Common Follow-Up Questions Kids Ask

After discussing interest, your child might also ask:

What is compound interest?

Compound interest means you earn interest not just on your original money, but also on the interest you've already earned. So your money grows faster and faster over time. For example, $100 at 10% interest earns $10 the first year (giving you $110), then $11 the second year (because 10% of $110 is $11), and so on. It's what makes saving early so powerful.

Why do banks pay you interest on savings?

Banks pay you interest because they use your deposited money to make loans to other people and businesses, charging those borrowers a higher interest rate. The interest they pay you is basically your share of the profit for letting them use your money. It's a win-win: you earn extra money, and the bank earns even more.
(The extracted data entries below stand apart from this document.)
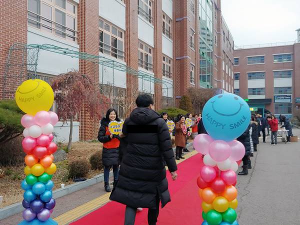 Áö³­ 6ÀÏ ¿ÀÀü, ±ºÆ÷½Ã ±Ã³»µ¿ Áö¿ª»çȸº¸ÀåÇùÀÇü ¡®Âü»ç¶û¡¯ À§¿øµé°ú »êº»°ø¾÷°íµîÇб³(ÀÌÇÏ »êº»°ø°í) ±³»çµéÀº Çб³ ±³¹® ¾Õ¿¡ »¡°£ ·¹µåÄ«ÆêÀ» ±ò°í, Àü±³»ý 280¸íºÐÀÇ ¾ÆÄ§¹ä°ú µû¶æÇÑ Â÷¸¦ ÁغñÇÑ Ã¤ µî±³ÇÏ´Â ÇлýµéÀ» ¸ÂÀÌÇß´Ù.
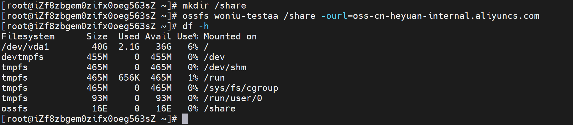ossfs woniutest01 /share -ourl=oss-cn-chengdu-internal.aliyuncs.com # 挂载使用
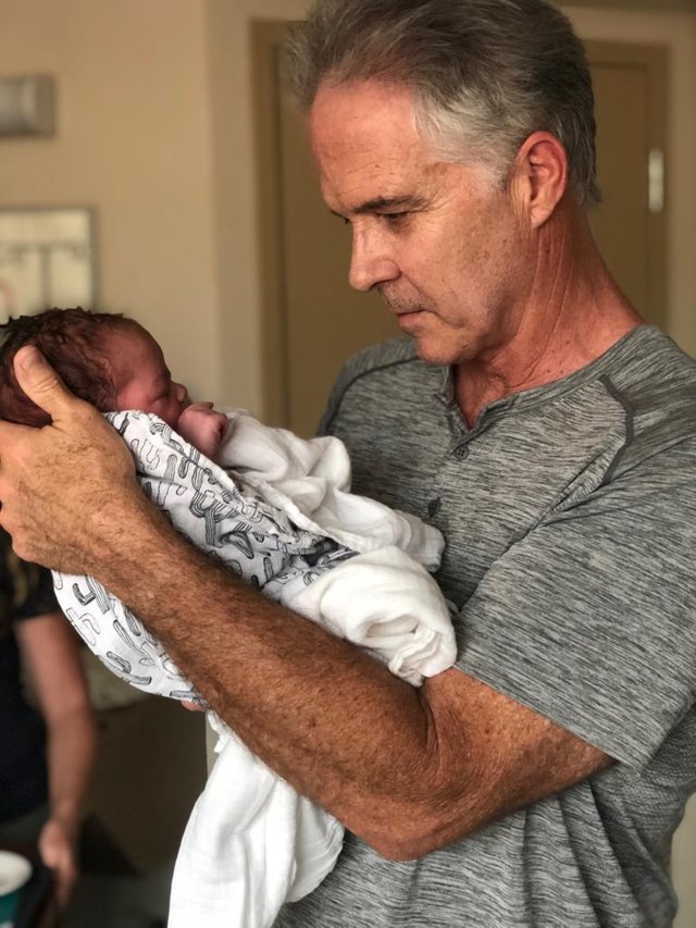 The proud grandfather got to hold his first grandson for the first time and you can feel how proud he is!
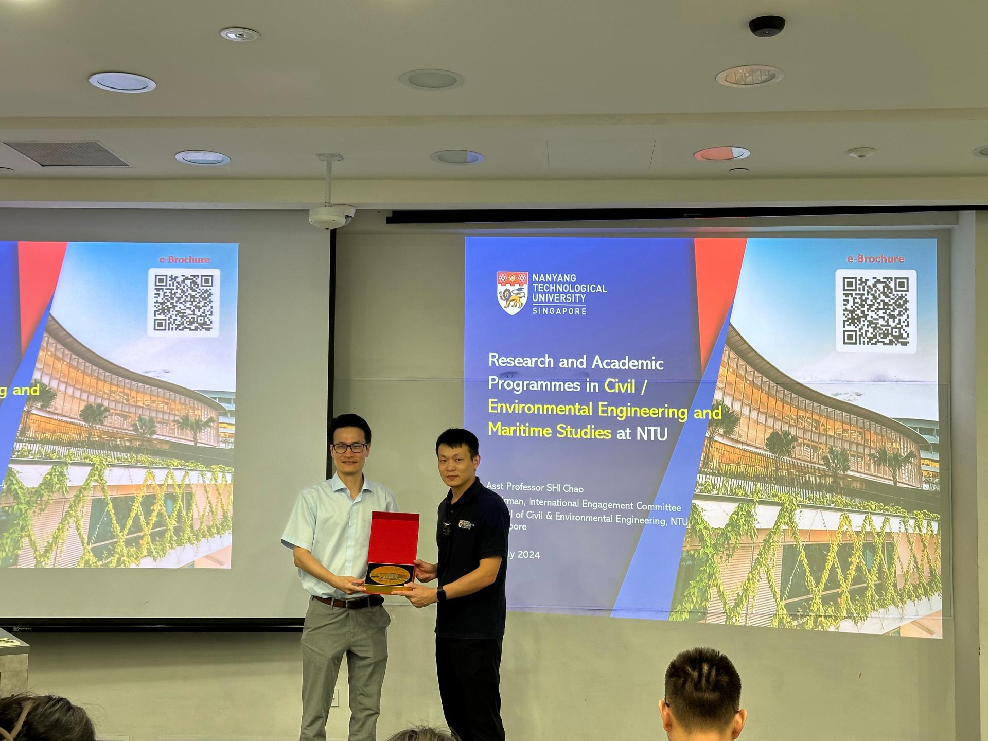 黄振宇老师代表学院将深圳大学校牌纪念品赠与南洋理工大学土木与环境工程学院。
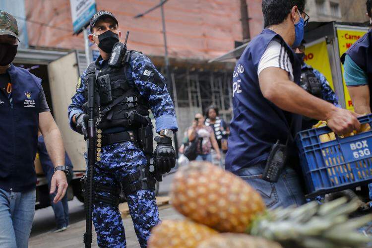 Foto: Anselmo Cunha/PMPAA prefeitura registrou nesta sexta-feira (24), a maior operação de combate ao comércio ilegal na Capital realizada nos últimos três anos. Ao todo, 34 viaturas e 60 agentes da Diretoria de Fiscalização da Secretaria Municipal de Desenvolvimento Econômico, Guarda Municipal e Romu, em conjunto com a Brigada Militar, estiveram envolvidos na ação para coibir a atividade irregular no Centro Histórico. A região reúne a maior concentração de ambulantes do Município. Foram apreendidos cerca de sete mil produtos falsificados e sem procedência, assim como aproximadamente 1,5 mil quilos de frutas e verduras.
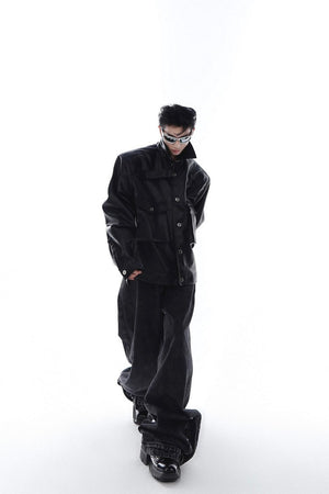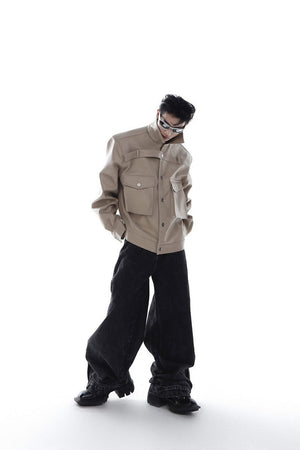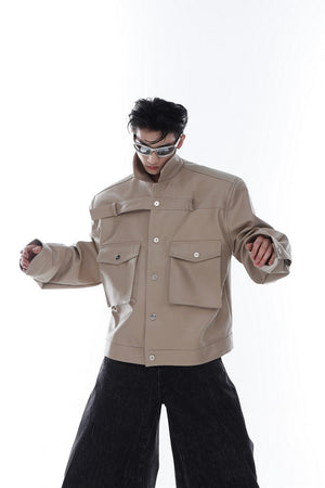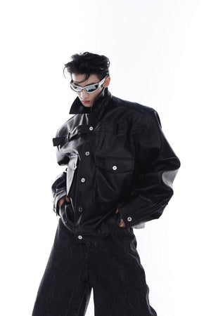 Metal Logo Leather Jacket

What is a good interest rate for savings?

Interest rates change over time based on the economy. A typical savings account might offer 0.5% to 5% depending on the economic climate. High-yield savings accounts and certificates of deposit (CDs) often pay more. The key is to find the best rate available and let compound interest do its work over time.

Why are credit card interest rates so high?

Credit card interest rates are high (often 18-25%) because credit card debt is unsecured, meaning there's nothing backing it up. With a car loan, the bank can take your car if you don't pay. With a mortgage, they can take your house. With a credit card, there's no collateral, so the bank charges more to cover the risk of people not paying.

How does interest affect my life as a kid?

If you have a savings account, you're already earning interest — your money is growing little by little. The earlier you start saving, the more time compound interest has to work its magic. Even saving small amounts now can add up to a lot by the time you're an adult. It's one of the best money habits you can start young.